(c) Vehicles, such as SUVs 2 2 Sparse Detector ModelOur prototyp

(c) Vehicles, such as SUVs.2.2. Sparse Detector ModelOur prototype sparse detector imaging sensor system can be viewed as a near-infrared implementation of the model described by our colleagues at the Center for Advanced Sensors as shown in selleck chemical Tipifarnib Figure 2. As modeled in Robinson et al. [8], the sparse detector system consists of an array of sensing elements www.selleckchem.com/products/Bortezomib.html deployed in a vertical Inhibitors,Modulators,Libraries configuration on a transmitting/receiving platform. The sensor system also has a reflecting platform that is placed at a distance represented by widthsys. Each sensing element has Inhibitors,Modulators,Libraries a detector and a dedicated collecting lens component. Each sensing element is arranged such that its optical axis is perpendicular to the plane of the vertical array Inhibitors,Modulators,Libraries comprised of N sensing elements that are placed at a distance of dpitch apart.
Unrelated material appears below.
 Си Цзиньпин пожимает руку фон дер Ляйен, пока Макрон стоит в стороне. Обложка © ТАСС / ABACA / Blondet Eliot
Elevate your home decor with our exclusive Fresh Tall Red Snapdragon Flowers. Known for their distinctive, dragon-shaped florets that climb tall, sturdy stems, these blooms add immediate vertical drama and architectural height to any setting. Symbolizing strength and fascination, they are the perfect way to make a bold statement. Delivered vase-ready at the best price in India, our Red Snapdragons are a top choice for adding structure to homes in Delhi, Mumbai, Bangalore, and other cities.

The range to the object of interest along the optical Inhibitors,Modulators,Libraries axis is Inhibitors,Modulators,Libraries represented by R. The field of view (FOV) of each sensing element is calculated as a function of the detector area and optics of each sensing element. The Inhibitors,Modulators,Libraries overall height of the sensor system is represented by heightsys.Figure 2.Sparse detector system model configuration.Robinson et al. [8] have developed and used this model for rough trade-off analyses, which include the effects of Inhibitors,Modulators,Libraries the optics, atmosphere, detectors, object-of-interest characteristics, and system characteristics, such as detector pitch and normalized detectivity. As further described in [8], the sensor can be classified as either having a staring or a scanned system type [9].
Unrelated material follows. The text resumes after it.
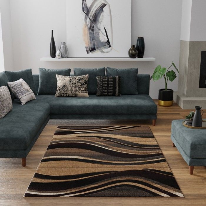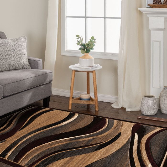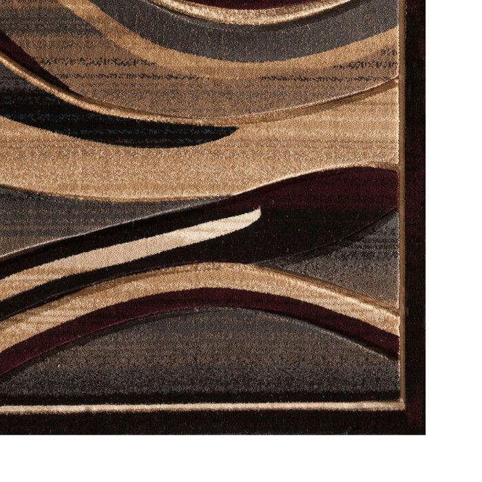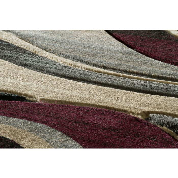 Take your home decor to the next level with this exquisite hand carved area rug and add an extra dimension to your bedroom, home office, or living room. This rug features an abstract design of different sized waves in varying tones of bold black, slate gray, deep velvet purple, off white, and cream to create an on-trend design that will elevate the look of your living room, playroom, or den with a touch of modern luxury. The polypropylene pile of this rug is soft and luxurious, and each design is hand-carved for added depth and texture. Perfect for a wide range of decor styles, this beautifully woven area rug will do well in any area of your home - even places with high traffic and spill risk. In addition to being easy to clean, the stain resistant and fade resistant properties of this piece ensure that it will maintain its rich color, exceptional design, and soft underfoot feel for years to come. For indoor use. Imported.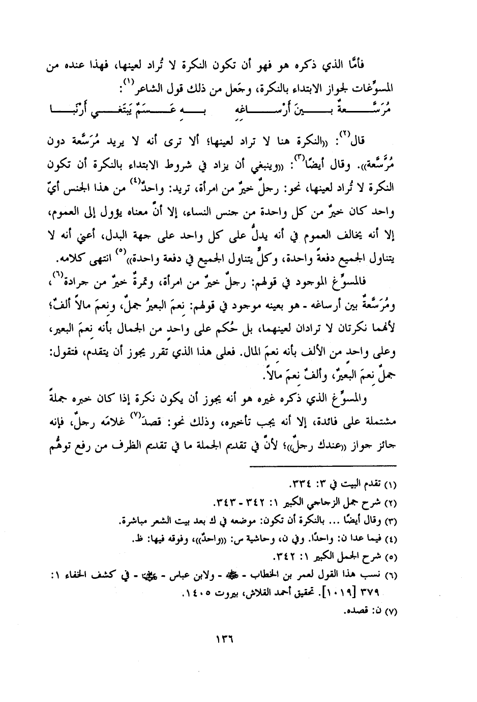 فأمَّا الذي ذكره هو فهو أن تكون النكرة لا تُراد لعينها، فهذا عنده من المسوِّغات لجواز الابتداء بالنكرة، وجَعل من ذلك قول الشاعر:

Since it consists of a stationary sparse detector array with no device for Inhibitors,Modulators,Libraries scanning the image across the detectors it could be viewed as a staring system in which the vertical resolution is dependent upon the deployment of the individual sensing elements, which comprise the overa
With more than 200 million users since its release Anacetrapib in June 2005 [1], Google Earth (GE) has recently been recognized for its potential to significantly improve the visualization and dissemination of scientific data [2-4]. Yet the imagery which underlies GE has potential applications that extend beyond visualization; the archive could contribute directly to land-cover and land-use change science (LCLUC). GE now hosts high-resolution (< 2.

5 meter) imagery from 2000-2008 that spans more than twenty percent Brefeldin_A of the Earth’s land surface, and more than a third of the human population [5].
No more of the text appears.